4.1. Subject-Verb Parameter. The initial state specified by the SSWL is given in Figure 1, where the vertices are represented as circular nodes colored red if the language possesses the parameter or blue if it lacks the parameter. The sizes of the vertices do not signify anything in these graphs: variable sizes are only used for ease of visualization.

Figure 1 suggests that the vast majority of languages currently possess this parameter in the activated form +1. Evolving this system at very low temperature (T = 0.000001), we want to know the local magnetization, or the thermal average of the spin value at each vertex. Since we are in the low temperature regime, we expect that the vertices will tend to orient their spins in the same direction (either all of the languages will tend to possess the parameter or will lack it). Marking vertices with  ⟨Sℓ,p⟩H >0 red and vertices with  ⟨Sℓ,p⟩H <0 blue, we can look at a graph of these languages at equilibrium, given in Figure 2.

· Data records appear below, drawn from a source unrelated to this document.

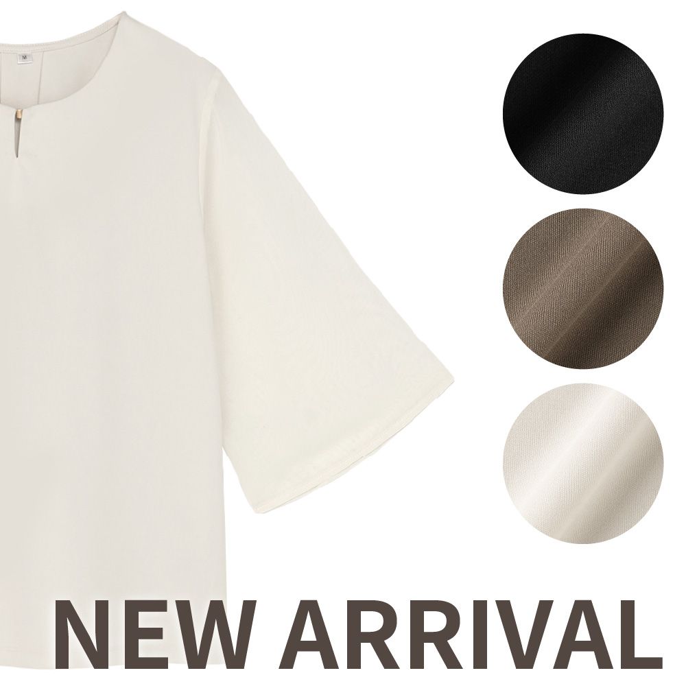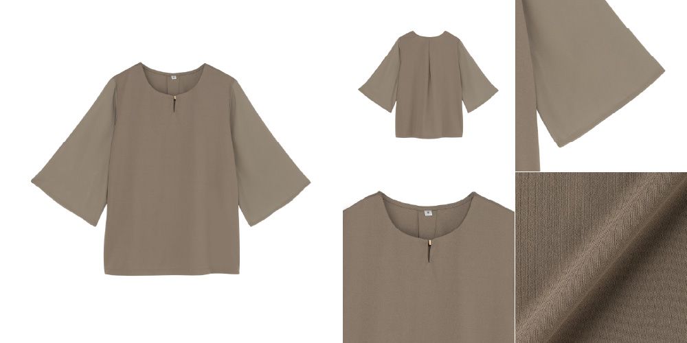 オフィスカジュアルに使いやすいデザインのプルオーバーブラウス。
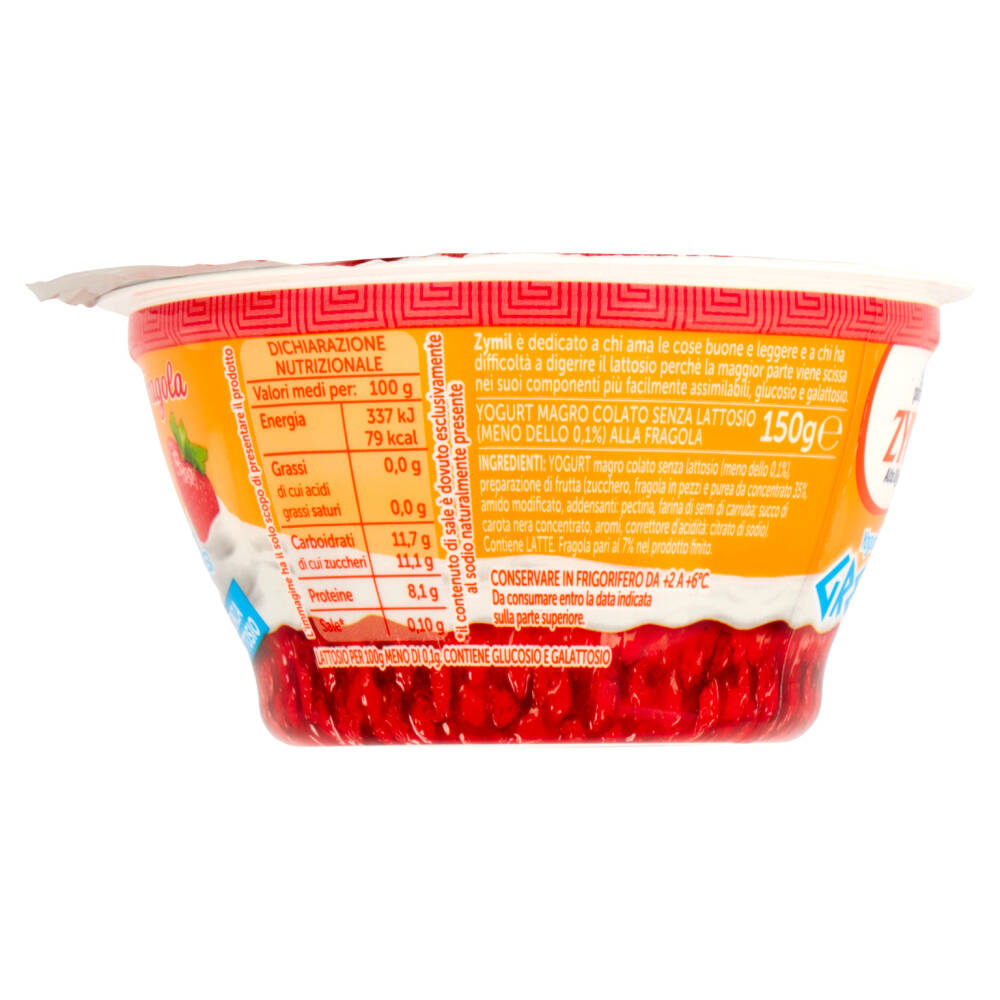 Yogurt magro colato senza lattosio (meno dello 0,1%) Preparazione di frutta (zucchero, fragola in pezzi e purea da concentrato 35% amido modificato, addensanti: pectina, farina di semi di carruba; succo di carota nera concentrato, aromi, correttore d'acidità: citrato di sodio) Contiene latte Fragola pari al 7% nel prodotto finito
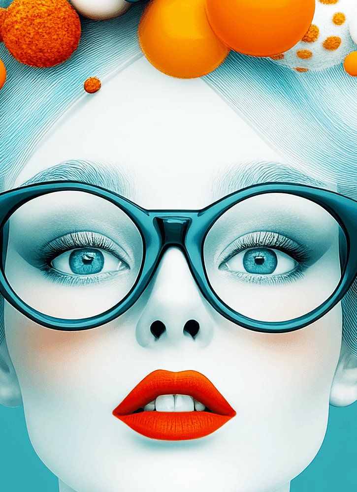 This fascinating portrait of an eyeglass-wearing woman is a true work of art that enriches any interior. The light blue, almost azure background is a beautiful contrast to the orange details, giving the artwork a dynamic and vibrant look.
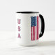 Volte e beba café com estilo a partir desta caneca fantástica, com um design de bandeira vertical dos EUA em cada lado, com o texto "EUA" no meio (também vertical—estávamos com um humor vertical!). O texto é preto, vermelho, branco e azul em várias camadas, com o vermelho na frente.
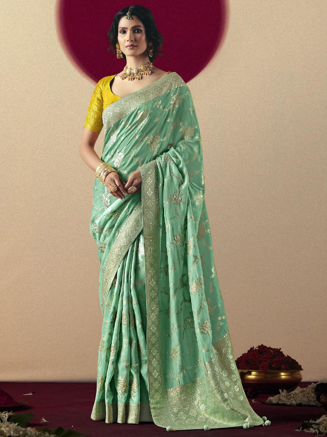 Viscose Party Wear Saree in Pink and Majenta with Weaving work
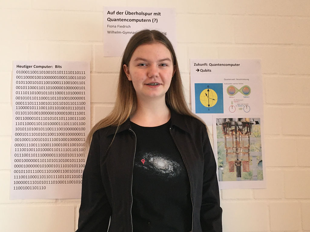 Fiona aus der 9m1 hat wiederholt erfolgreich am Wettbewerb teilgenommen. In dieser Runde setzte sie sich, betreut durch Herrn Bielenberg, zunächst damit auseinander, was hinter dem Begriff Quanten steckt. Danach untersuchte Fiona, welche Verbesserung Quantencomputer bedeuten können.
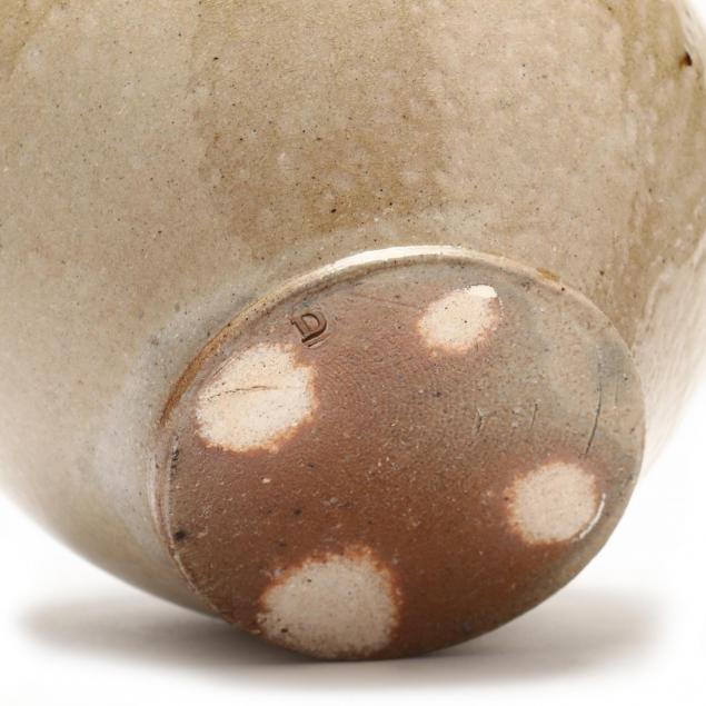 High gloss ash glaze, applied loop handles at the neck, stamped "D" on the bottom for Daniel Johnston.

As expected, since the system is close to T = 0, it is also close to the ground state. In fact, a configuration randomly sampled from the equilibrium ensemble will also look like Figure 2 nearly 100% of the time, because of how dominant the all-up configuration is: it is nearly impossible at low T for the state to propagate to a configuration that is not the ground state. At T = 0, this is the only configuration in the ensemble. At this low temperature, the languages quickly converge during their evolution to a state in which they all acquire the parameter in the activated form +1. A more physical way to view this is to look at a plot of the average spin as a function of time, as given in the first graph of Figure 4.

One may wonder why this system always ends up in this “all-up” state instead of an “all-down” state. The key is that the initial configuration is dominated by spin-up vertices, so the energy barrier is much higher for a droplet of spin-down to expand and dominate the system than it is for the sea of spin-up to swallow the droplets.

What happens when T is very large? Taking T = 20, the local magnetizations approach zero, with exactly half of the vertices approaching zero from the positive direction as in Figure 3. In fact, the local magnetizations vary with mean  −2.3927×10−4 and median 7×10−6 on the interval [−0.0186, 0.0147].

In this case, a configuration picked at random from the equilibrium ensemble is most likely to have approximately half of the vertices with spin up. Because T is large, a state can propagate to almost any other configuration fairly easily. At equilibrium, the languages here evolve approximately independently of each other, so the average (over vertices) spin fluctuates about zero, as in the second graph of Figure 4.

There are then two points to note: the model behaves as predicted, and it is marked by the same symmetry-breaking phase transition observed in the 2D Ising Ferromagnet at a critical temperature. This is not surprising, since this model is at its core just a ferromagnet with a more complicated topology.

We consider here a simple case where we focus on two parameters with an entailment relation, over a small set of Indo-European languages. In this case, we take the data on the values of the syntactic parameters from [15], [16], while we still use the same data from the MIT Media Lab database for the interaction strengths between different languages. In this simulation we used the Media Lab data based on book translations instead of Wikipedia editing3.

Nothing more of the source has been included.